NRA’s Dana Loesch Calls Media’s Repetition ‘Unnecessary’


The NRA’s Dana Loesch might be following in the footsteps of President Donald Trump. For the past few days, the spokesperson of the National Rifle Association has been hurling a series of insults at the mainstream media for reporting “fake” news.

On Friday, a Texas teenager opened fire at Santa Fe High School, killing 10 people and wounding 10 others. The mainstream media identified the 17-year-old shooter as Dimitrios “Dimitri” Pagourtzis.

Loesch took to Twitter to criticize the media for constantly naming the killer and showing his face in the video footage. The mainstream media has got to stop creating more of these “monsters” by oversaturation, she said.

“I’m not saying don’t responsibly report on things as they happen. I understand it. But constantly showing the image of the murderer, constantly saying their name, is completely unnecessary,” she added.

Twitterati, who responded to her statement, said that, as always, Loesch is playing the blame game. Some Twitter users accused her and the NRA of creating these “monsters” who shoot school students.

Similar to President Trump, Loesch retweeted several anti-NRA articles and suggested that they were “fake” news.

Shannon Watts, founder of Moms Demand, a grassroots organization fighting to end gun violence, said that Loesch is paid to make guns readily available to evil people. “Her entire timeline is devoted not to the victims of this tragedy, but to herself and the mean tweets she’s receiving in light of yet another mass shooting in America,” she tweeted.

A recent analysis by the Washington Post found that, in 2018, more people have been killed at schools than while serving in the U.S. military based on data from Defense Department news releases.
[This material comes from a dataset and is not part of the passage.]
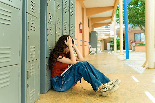 Stressed high school student sitting on the floor by the lockers holding her head with her hands
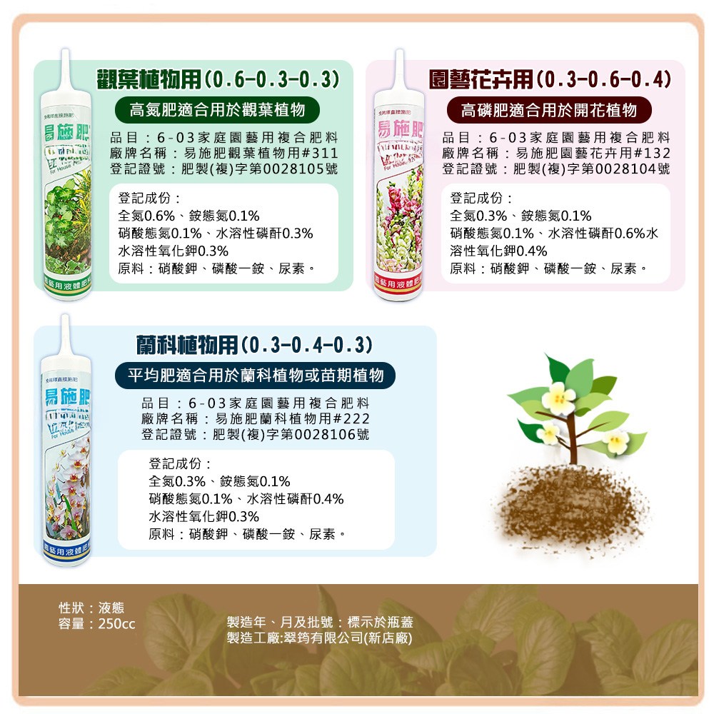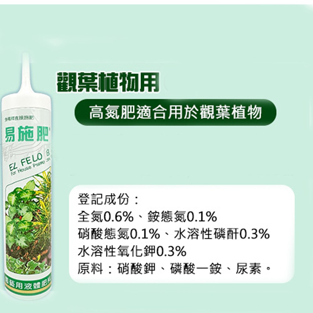 易施肥觀葉植物專用液體肥料,讓您的室內植物生長更茂盛!這款250ml的肥料,採用台灣肥料登記證配方,品質有保障。使用方便,無需稀釋,直接施用於盆栽土壤中即可,為觀葉植物提供均衡的養分,促進葉片翠綠,根系強健。富含氮、磷、鉀等植物所需元素,讓您的植物充滿活力。選擇易施肥,讓您的室內綠植煥發健康光彩,為家居增添更多生機。

In 2017, the number of fatalities among service members was far higher than the number of people killed in school shootings, according to the Washington Post data.

Meanwhile, the NRA is appealing a federal judge’s decision barring two 19-year-old gun enthusiasts from using pseudonyms as a way to avoid public scrutiny in a lawsuit over Florida’s new age requirements for firearms purchases.

According to Bloomberg, the NRA sued after the state’s Republican-led legislature raised the age for buying guns to 21 from 18 in response to the Parkland high school shooting in February.